The hints of hydrogen stretch to Mars’ mid-latitudes - roughly equivalent to the UK’s latitude on Earth. Many experts thought that water ice would only persist around the planet’s permanently frozen poles.

Others are unsurprised. "It doesn’t come as a great shock to me, says Colin Pillinger, of the Open University in Milton Keynes, England. "We’ve always suspected that there’s ice there," he says.

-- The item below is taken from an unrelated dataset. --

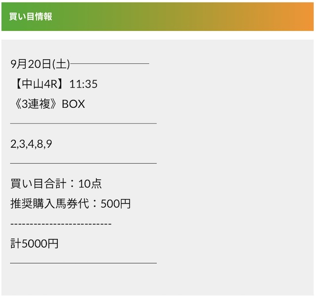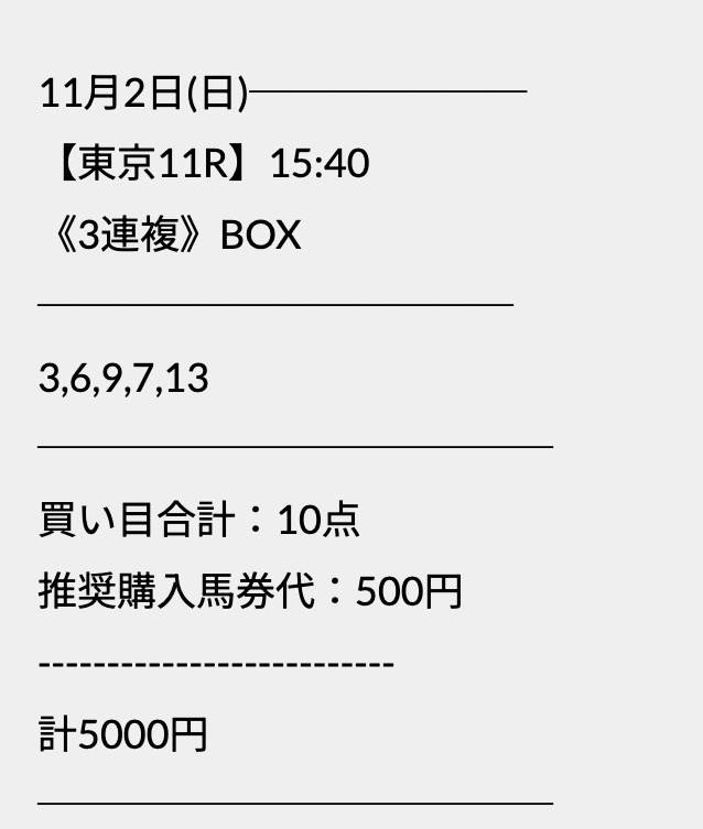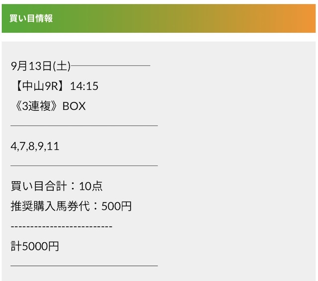 推奨どおり、1点500円の計5,000円で勝負をします。
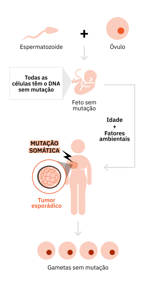 O câncer esporádico é aquele causado por várias mutações somáticas adquiridas ao longo da vida, durante o processo de envelhecimento e por exposição a fatores ambientais.

The hydrogen signal dies out over the poles. This is probably due to frozen carbon dioxide gas lying on top of water ice masking it from view, the researchers conclude.

Odyssey arrived at Mars in late October 2001. It has only just begun to send back data.

Global warming

Also on Odyssey is the Thermal Emission Imaging system (THEMIS). This infrared camera can infer the composition of various rocks and dust on Mars from how they lose and absorb heat between the harsh Martian nights and days.

THEMIS is revealing Martian surface details not seen before. "We’re very pleased with its performance," says Plaut. Scientists hope it will also show whether previously identified volcanic areas on Mars are still warm.

Such internal warmth could melt Martian permafrost, offering the best environment for life. "Warm regions provide the greatest potential for looking for life," says astrobiologist Richard Taylor of the Probability Research Group in England.

"Odyssey data could completely change our view of Mars," hopes Taylor. Existing probes like Mars Global Surveyor have made close-up measurements of the planet. But Odyssey will be the first to make global high-resolution studies.

Odyssey is not firing on all cylinders however. Its third instrument, the Mars Radiation Environment Experiment (MARIE) is broken. It worked all the way to Mars, and even sent back data on powerful radiation fields around the planet that could be lethal to manned flights. But is now failing to respond to signals from the ground.